Skip to main content

ADR-002: Multi-Layered Repository Analysis Engine Design


id: 002-repository-analysis-engine title: 'ADR-002: Repository Analysis Engine Design' sidebar_label: 'ADR-2: Repository Analysis Engine Design' sidebar_position: 2

Status

Accepted

Context

DocuMCP needs to understand repository characteristics to make intelligent recommendations about static site generators and documentation structure.
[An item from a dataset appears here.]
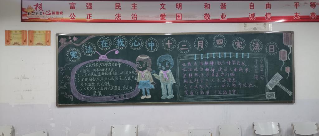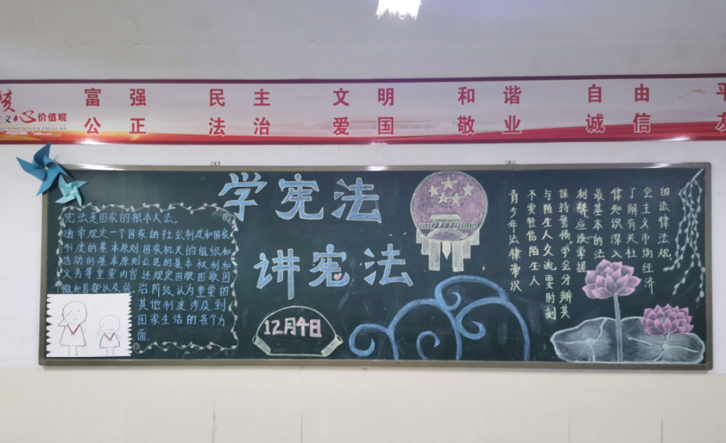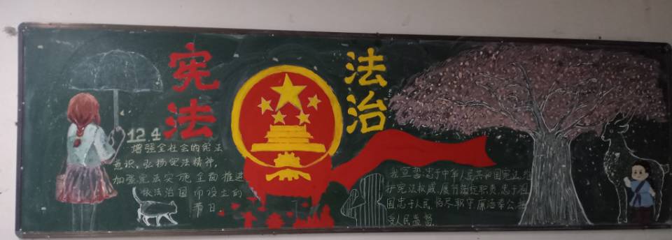 12月4日是国家宪法日,为引导同学们做知法守法的好公民,我院按照学校工作部署,组织各班开展了以宪法为主题的黑板报宣传活动。同学们设计出了精美的“学宪法、讲宪法”主题宣传板报,同时,各班结合校情和学生的生活实际开展主题教育,结合自身实际交流对宪法条文的认识理解。

The analysis must go beyond simple file counting to provide deep insights into project complexity, language ecosystems, existing documentation patterns, and development practices.

Key requirements:

  • Comprehensive project characterization
  • Language ecosystem detection
  • Documentation quality assessment
  • Project complexity evaluation
  • Performance optimization for large repositories
  • Extensible architecture for new analysis types

Decision

We will implement a multi-layered repository analysis engine that examines repositories from multiple perspectives to build comprehensive project profiles.

Analysis Layers:

1. File System Analysis Layer

  • Recursive directory traversal with intelligent filtering
  • File categorization by extension and content patterns
  • Metrics calculation: file counts, lines of code, directory depth, size distributions
  • Ignore pattern handling: .gitignore, common build artifacts, node_modules

2. Language Ecosystem Analysis Layer

  • Package manager detection: package.json, requirements.txt, Cargo.toml, go.mod, etc.
  • Dependency analysis: direct and transitive dependencies
  • Build tool identification: webpack, vite, gradle, maven, cargo, etc.
  • Version constraint analysis: compatibility requirements

3. Content Analysis Layer

  • Documentation quality assessment: README analysis, existing docs
  • Code comment analysis: inline documentation patterns
  • API surface detection: public interfaces, exported functions
  • Content gap identification: missing documentation areas

4. Project Metadata Analysis Layer

  • Git history patterns: commit frequency, contributor activity
  • Release management: tagging patterns, version schemes
  • Issue tracking: GitHub issues, project management indicators
  • Community engagement: contributor count, activity patterns

5. Complexity Assessment Layer

  • Architectural complexity: microservices, modular design patterns
  • Technical complexity: multi-language projects, advanced configurations
  • Maintenance indicators: test coverage, CI/CD presence, code quality metrics
  • Documentation sophistication needs: API complexity, user journey complexity

Alternatives Considered

Single-Pass Analysis

  • Pros: Simpler implementation, faster for small repositories
  • Cons: Limited depth, cannot build sophisticated project profiles
  • Decision: Rejected due to insufficient intelligence for quality recommendations

External Tool Integration (e.g., GitHub API, CodeClimate)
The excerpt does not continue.